All of our waking moments, and even in our dreams, we exist in, or are moving through spaces within the buildings, or within the great outdoor room. From the smallest room inside one of our buildings, to the grandest and most open of outdoor spaces, we live in a series of spaces.
These spaces in which we live, from the smallest to the most vast, have a collection of elements, some of which we control, and some we have no control of whatsoever. Designers and architects try to exert control, to limited effect. People don't use spaces quite they were originally thought of when they were designed. Buildings, pristine in their original concept are combined and clashed with in their competed state. Yet somehow, sometime, the whole thing works, forms and details colliding in planed and unexpected ways to make a great street. Each design effort subverting or complimenting the one next to it, and the one down the street from it.
So these aren't just a series of buildings, pure and uncommunicative. They are forced to talk to each other. The original act of will (the design of the building), gives way to the experience of the conversation of a group of designs, made at different times, for somewhat different reasons, and with different levels of resources. It is an experience because the conversation can be so unexpected, and because it's mixed in the with the quality of movement, our procession though the the outdoor room. The fronts of buildings, collected in sequence, and positioned as walls in the space you are traveling through. These fronts can certainly have the quality of being flat or rather shapely, creating a dynamic in their flatness or in their collective sculptural forms. Distractions abound, light and shadow, movement both subtle and obvious fill the space. Every element, the buildings, the trees, the people, cars, birds, signs, sounds, smells, all separate, but inseparable, play a part.

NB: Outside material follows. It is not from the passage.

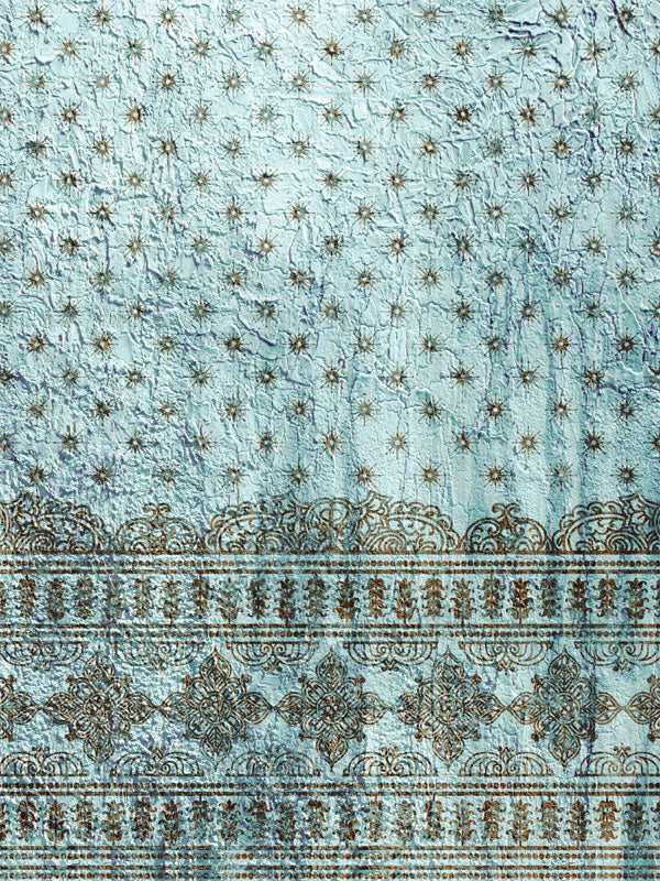 Riya Blue Photography Backdrop with Ornate Gold Pattern and Textured Blue Background

The Experience.
Designing to context has a two-dimensional connotation to many architects, certainly to many of the stars, because it dilutes their brand. Yet the best that even they can hope for is a good setting, a good jewel box for their work. What they have done is unavoidably pulled into the larger picture, becoming a 'mere' participant in part of the larger experience.
I suggest that the design that seeks to understand how it fits in the larger picture of the city is, when done well, is the far more nuanced solution to city design. Design for the experience, for that is what your design will be a part of.